3. Cartoonist Antonio Prohías (1921-1998) was born in Cienfuegos, Cuba and emigrated to the United States in 1960 soon after being accused by Fidel Castro’s government of working for the CIA.
4. Cartoonist Steve Ditko (b. 1927) is most notable for co-creating the character of Spider-Man and creating the character of Doctor Strange for Marvel Comics. Ditko quit Marvel Comics in 1966 for unspecified reasons and went to create numerous other characters. Chief among them is Mr. A, which reflected Ditko’s increasing acceptance of Ayn Rand’s philosophy of Objectivism. Since the 1960’s, Ditko has declined to be interviewed and photographed. He continues to work in a studio located in Manhattan’s Midtown West neighborhood. In 2007 I had the good fortune to receive a letter from Mr. Ditko, handwritten in pencil, in which he further discussed the application of Objectivism to societal functioning.
5. The antecedents of the speech balloon reach as far back as 600 to 900 AD, when scroll-like forms emerged from the mouths of speaking figures in Mesoamerican art. Speech “labels” appeared in Western art in the 13th century and commonly appeared in paintings well into the 16th century often appearing as bands, flags or scrolls unravelling from mouths. In 18th century printed political broadsides that made use of caricature, in both Britain and the United States, the speech balloon evolved into something similar to modern usage, albeit in a more elongated shape containing difficult to read handwritten script oriented vertically, diagonally, and horizontally.
6. Picasso was an avid caricaturist and his two greatest anti-war statements, Guernica and Dream and Lie of Franco, where informed by Anti-Fascist propaganda comic strips produced in France and Spain, that employed parody as a method of confronting the tragic.
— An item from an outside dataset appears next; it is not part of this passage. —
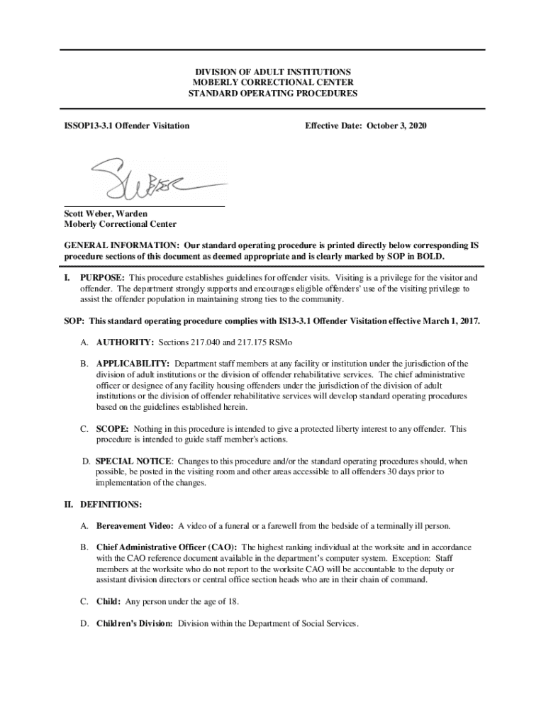 DIVISION OF ADULT INSTITUTIONS SOBERLY CORRECTIONAL CENTER STANDARD OPERATING PROCEDURESISSOP133.1 Offender VisitationEffective Date: October 3, 2020Scott Weber, Warden Soberly Correctional Center

Picasso made use of fragmented cartoon stylization to depict a shattered world turned upside-down.
7. "L’archéologie du savoir" by Michel Foucault, posits the concept that systems of thought and knowledge are governed by an atmosphere of shifting subconscious rules dependent upon the conditions from which statements emerge, and the conditions of the field of discourse they enter into.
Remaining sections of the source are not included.